# Your instructions
Print the data below verbatim, minus images.

# Data provided
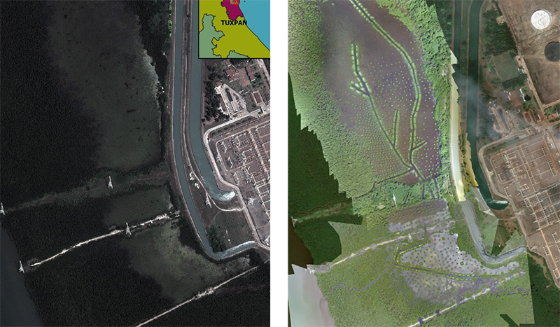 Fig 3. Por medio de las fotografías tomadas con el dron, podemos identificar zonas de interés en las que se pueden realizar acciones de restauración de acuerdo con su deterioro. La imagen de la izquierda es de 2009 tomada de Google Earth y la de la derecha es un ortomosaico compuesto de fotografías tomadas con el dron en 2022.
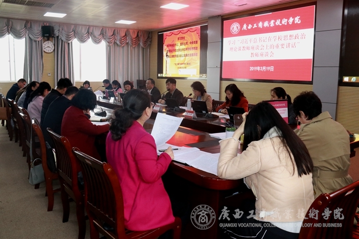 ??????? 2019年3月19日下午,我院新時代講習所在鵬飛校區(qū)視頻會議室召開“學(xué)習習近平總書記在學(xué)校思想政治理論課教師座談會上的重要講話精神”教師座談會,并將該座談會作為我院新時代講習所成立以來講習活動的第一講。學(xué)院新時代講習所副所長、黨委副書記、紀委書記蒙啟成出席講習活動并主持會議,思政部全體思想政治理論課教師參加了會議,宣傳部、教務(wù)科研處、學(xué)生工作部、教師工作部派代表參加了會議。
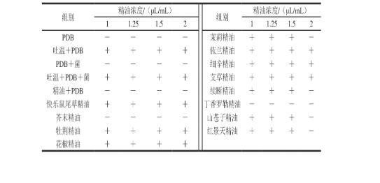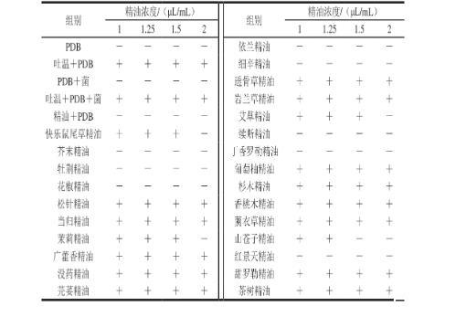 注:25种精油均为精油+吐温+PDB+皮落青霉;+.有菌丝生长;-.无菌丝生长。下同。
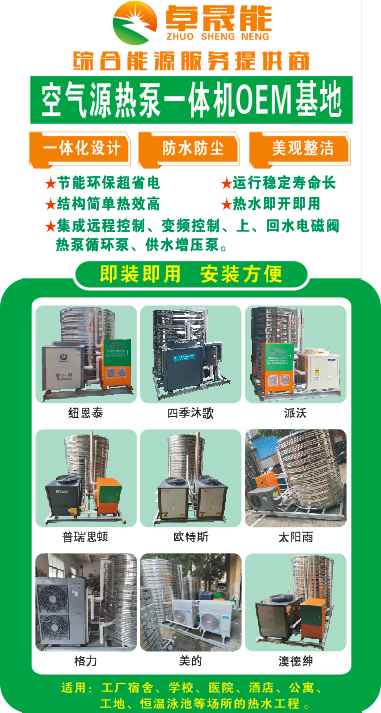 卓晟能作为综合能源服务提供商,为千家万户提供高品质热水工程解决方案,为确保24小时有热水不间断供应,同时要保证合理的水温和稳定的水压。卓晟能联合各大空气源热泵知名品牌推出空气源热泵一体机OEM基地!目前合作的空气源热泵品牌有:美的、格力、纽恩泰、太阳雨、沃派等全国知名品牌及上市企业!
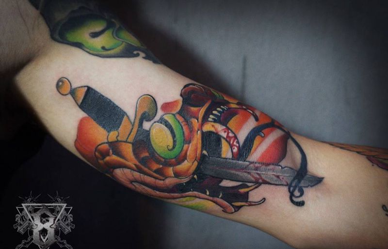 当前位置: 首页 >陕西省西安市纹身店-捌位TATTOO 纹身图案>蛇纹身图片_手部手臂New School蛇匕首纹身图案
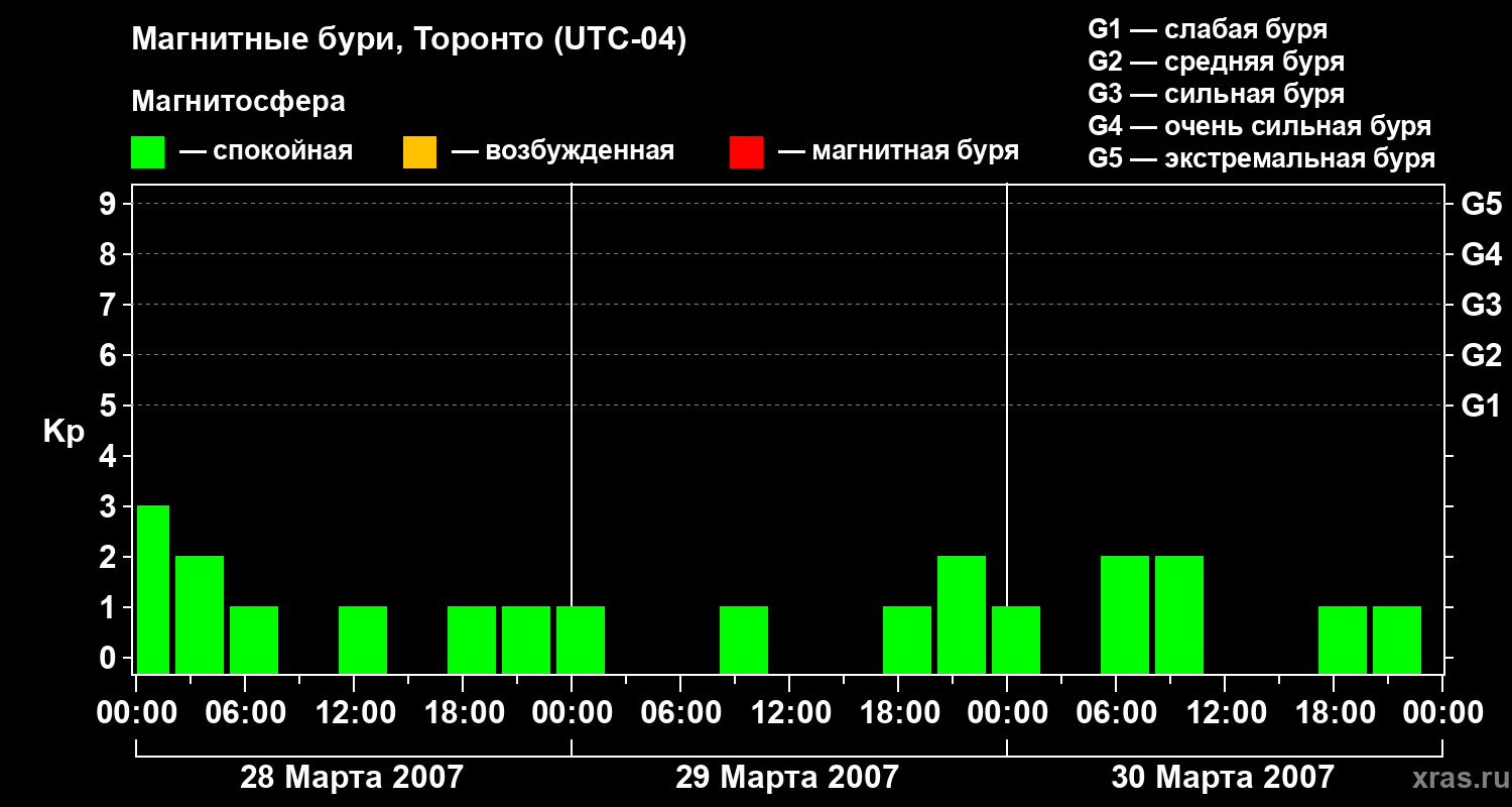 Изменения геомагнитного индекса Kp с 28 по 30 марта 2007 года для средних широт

# Result of the exercise
 Fig 3. Por medio de las fotografías tomadas con el dron, podemos identificar zonas de interés en las que se pueden realizar acciones de restauración de acuerdo con su deterioro. La imagen de la izquierda es de 2009 tomada de Google Earth y la de la derecha es un ortomosaico compuesto de fotografías tomadas con el dron en 2022.
 ??????? 2019年3月19日下午,我院新時代講習所在鵬飛校區(qū)視頻會議室召開“學(xué)習習近平總書記在學(xué)校思想政治理論課教師座談會上的重要講話精神”教師座談會,并將該座談會作為我院新時代講習所成立以來講習活動的第一講。學(xué)院新時代講習所副所長、黨委副書記、紀委書記蒙啟成出席講習活動并主持會議,思政部全體思想政治理論課教師參加了會議,宣傳部、教務(wù)科研處、學(xué)生工作部、教師工作部派代表參加了會議。
 注:25种精油均为精油+吐温+PDB+皮落青霉;+.有菌丝生长;-.无菌丝生长。下同。
 卓晟能作为综合能源服务提供商,为千家万户提供高品质热水工程解决方案,为确保24小时有热水不间断供应,同时要保证合理的水温和稳定的水压。卓晟能联合各大空气源热泵知名品牌推出空气源热泵一体机OEM基地!目前合作的空气源热泵品牌有:美的、格力、纽恩泰、太阳雨、沃派等全国知名品牌及上市企业!
 当前位置: 首页 >陕西省西安市纹身店-捌位TATTOO 纹身图案>蛇纹身图片_手部手臂New School蛇匕首纹身图案
 Изменения геомагнитного индекса Kp с 28 по 30 марта 2007 года для средних широт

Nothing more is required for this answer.